Dengue cases were obtained for each municipality in Minas Gerais from the Brazilian Ministry of Health database, available at the DataSUS website (https://datasus.saude.gov.br/), where all data related to disease notifications (of any nature) are available through the Tabnet platform (https://datasus.saude.gov.br/informacoes-de-saudetabnet/). These data are collected by Brazilian municipalities and sent to regional (state) health departments, from where they are sent to the Secretary of Health of each state, and finally aggregated by the Ministry of Health to be made available for consultation. Dengue cases were obtained for the five most recent years available at the beginning of the study (2015 to 2019), in order to account for the variations that occurred during outbreaks of this disease in certain years. The number of dengue cases was summed in each municipality for the five years and divided by the size of the municipal population in 2021 (IBGE 2021), to obtain the number of cases per 1,000 inhabitants.

Socioeconomic factors

We obtained nine socioeconomic parameters that can also affect the occurrence of dengue for the 853 municipalities in the state of Minas Gerais. Data were obtained from different IBGE databases (2021). The variables used were: population density (IBGE, 2021), gross domestic product per capita (2018); Municipal Human Development Index - HDI (2018), Gini Inequality Index (2010), total urban area (2019), percentage of households with piped water (2018), percentage of households with garbage collection (2018), percentage of vulnerable to poverty (2018) and percentage of people in households with inadequate water supply and sewage system (2018).

Statistical analysis

The effect of changes in land use and coverage on the occurrence of dengue was determined using a generalized linear model (GLM), in which the number of dengue cases per capita in each municipality was used as a response variable. The percentage of net change in natural vegetation cover was used as an explanatory variable, together with the nine socioeconomic parameters described previously. The complete model was simplified stepwise by removing non-significant variables. The minimum adequate model was subjected to residual analysis to verify the adequacy of the error distribution. Model construction and analysis were conducted using R software, version 4.0.0 (R Development Core Team 2020).

Results

Occurrence of dengue in Minas Gerais state

Between 2015 and 2019, 1,255,731 cases of dengue were registered throughout the state of Minas Gerais. In absolute numbers (considering the five years together), the number of cases ranged from zero (in four municipalities) to more than 10,000 (in 9 municipalities), especially in those with the largest total population (Figure 2a). Belo Horizonte (the state capital) had the highest number of cases, with 290,336. However, the number of cases per thousand inhabitants was high in several small municipalities, ranging from zero (in five municipalities) to more than 100 (in 24 municipalities), reaching 227.51 in the municipality of Pequi, located 120 km capital of Minas Gerais (Figure 2b). The vast majority of municipalities had up to 50 cases in total and up to 11 cases per 1000 inhabitants (Figure 3ab) from 2015 to 2019. The occurrence of dengue was distributed across all regions of Minas Gerais, but municipalities in the south and northeast of the state had the lowest number of cases (Figure 4). The temporal variation of dengue cases shows the occurrence of two outbreaks in five years, in 2016 and 2019 (Figure 3b). The average number of cases per municipality reached 11.4 in 2016 and 9.97 in 2019 (Figure 5a). The total number of cases per thousand inhabitants in the entire Minas Gerais state reached 18.1 in 2016 and 16.7 in 2019 (Figure 5b).

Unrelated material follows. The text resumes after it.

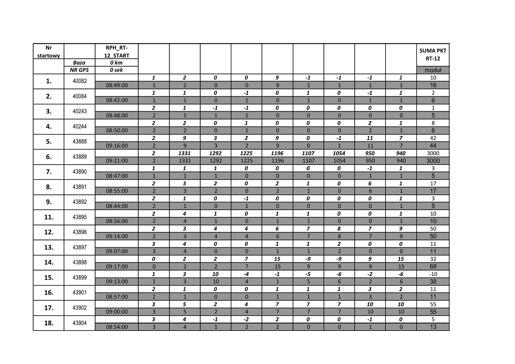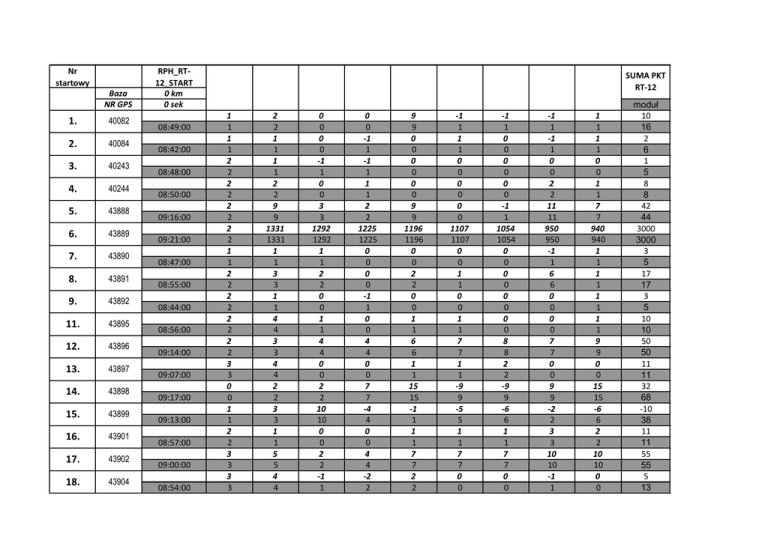 Nr startowy Baza NR GPS 1. 40082 2. 40084 3. 40243 4. 40244 5. 43888 6. 43889 7. 43890 8. 43891 9. 43892 11. 43895 12. 43896 13. 43897 14. 43898 15. 43899 16. 43901 17. 43902 18. 43904 RPH_RT12_START 0 km 0 sek 08:49:00 08:42:00 08:48:00 08:50:00 09:16:00 09:21:00 08:47:00 08:55:00 08:44:00 08:56:00 09:14:00 09:07:00 09:17:00 09:13:00 08:57:00 09:00:00 08:54:00 SUMA PKT RT-12 1 1 1 1 2 2 2 2 2 2 2 2 1 1 2 2 2 2 2 2 2 2 3 3 0 0 1 1 2 2 3 3 3 3 2 2 1 1 1 1 2 2 9 9 1331 1331 1 1 3 3 1 1 4 4 3 3 4 4 2 2 3 3 1 1 5 5 4 4 0 0 0 0 -1 1 0 0 3 3 1292 1292 1 1 2 2 0 0 1 1 4 4 0 0 2 2 10 10 0 0 2 2 -1 1 0 0 -1 1 -1 1 1 1 2 2 1225 1225 0 0 0 0 -1 1 0 0 4 4 0 0 7 7 -4 4 0 0 4 4 -2 2 9 9 0 0 0 0 0 0 9 9 1196 1196 0 0 2 2 0 0 1 1 6 6 1 1 15 15 -1 1 1 1 7 7 2 2 -1 1 1 1 0 0 0 0 0 0 1107 1107 0 0 1 1 0 0 1 1 7 7 1 1 -9 9 -5 5 1 1 7 7 0 0 -1 1 0 0 0 0 0 0 -1 1 1054 1054 0 0 0 0 0 0 0 0 8 8 2 2 -9 9 -6 6 1 1 7 7 0 0 -1 1 -1 1 0 0 2 2 11 11 950 950 -1 1 6 6 0 0 0 0 7 7 0 0 9 9 -2 2 3 3 10 10 -1 1 1 1 1 1 0 0 1 1 7 7 940 940 1 1 1 1 1 1 1 1 9 9 0 0 15 15 -6 6 2 2 10 10 0 0 moduł 10 16 2 6 1 5 8 8 42 44 3000 3000 3 5 17 17 3 5 10 10 50 50 11 11 32 68 -10 38 11 11 55 55 5 13

Changes in land use and land cover

The MapBiomas data indicated that natural vegetation cover varied widely between municipalities in Minas Gerais, from 4.85 to 97.4% in 2009 and from 6.29 to 96.3% in 2019. On average, natural vegetation cover increased slightly from 34± 20.2% in 2009 to 35.7± 19.7% in 2019. Of the 853 municipalities, 341 had a net loss of natural vegetation between 2009 and 2019, with five losing more than 200 km2 of vegetation during this period (Figure 6a). The total net loss in 10 years in these municipalities reached -8,240.74 km2. The remaining 512 municipalities had a net gain in natural vegetation, with six of them gaining more than 100 km2 (Figure 6b). The total gain in vegetation cover was +6,732.57 km2.
Between 2009 and 2019, most municipalities had net changes in vegetation cover ranging from -10 to +10% (Figure 7). Few municipalities had a high percent loss of natural vegetation, as is the case of Glaucilândia (31.6%; another six municipalities had losses above 20%). A larger number of municipalities (63) had expressive percent gains in natural coverage, in some cases reaching 78%, as in Tumiritinga. Higher percentage changes were generally observed in municipalities with smaller total area. In general, it is possible to notice a clear spatial pattern of changes in vegetation cover, with greater net gain in the center, east and southeast of Minas Gerais state, which are regions predominantly covered by the Atlantic Rain Forest. In the west, north and northwest, where the Cerrado and Caatinga predominate, most municipalities had a net loss of vegetation cover (Figure 8).

Socioeconomic factors

Basic sanitation data showed that the vast majority of municipalities have selective garbage collection (88.37%) and piped water (95.55%), and few have inadequate sanitary sewage and poor distribution of drinking water (3.39%). The average HDI per municipality was lower than the global average (0.702; UN, 2015), and than the Brazilian average (0.765; IBGE, 2010). Only two municipalities in Minas Gerais had an HDI greater than 0.8: Belo Horizonte (0.81) and Nova Lima (0.813). The vast majority of municipalities with the lowest HDI were located in the north of Minas Gerais, and São João das Missões (0.529) had the lowest HDI. The Gini Inequality Index for the Minas Gerais state was 0.473, which is lower than that observed for Brazil as a whole (0.640; FGV, 2021). Only 13 municipalities had values greater than the national average of inequality, with Jequitibá as the most unequal municipality in the state, with a Gini index of 0.78, and Córrego Fundo the least unequal, with 0.31 (see Supplementary Materials).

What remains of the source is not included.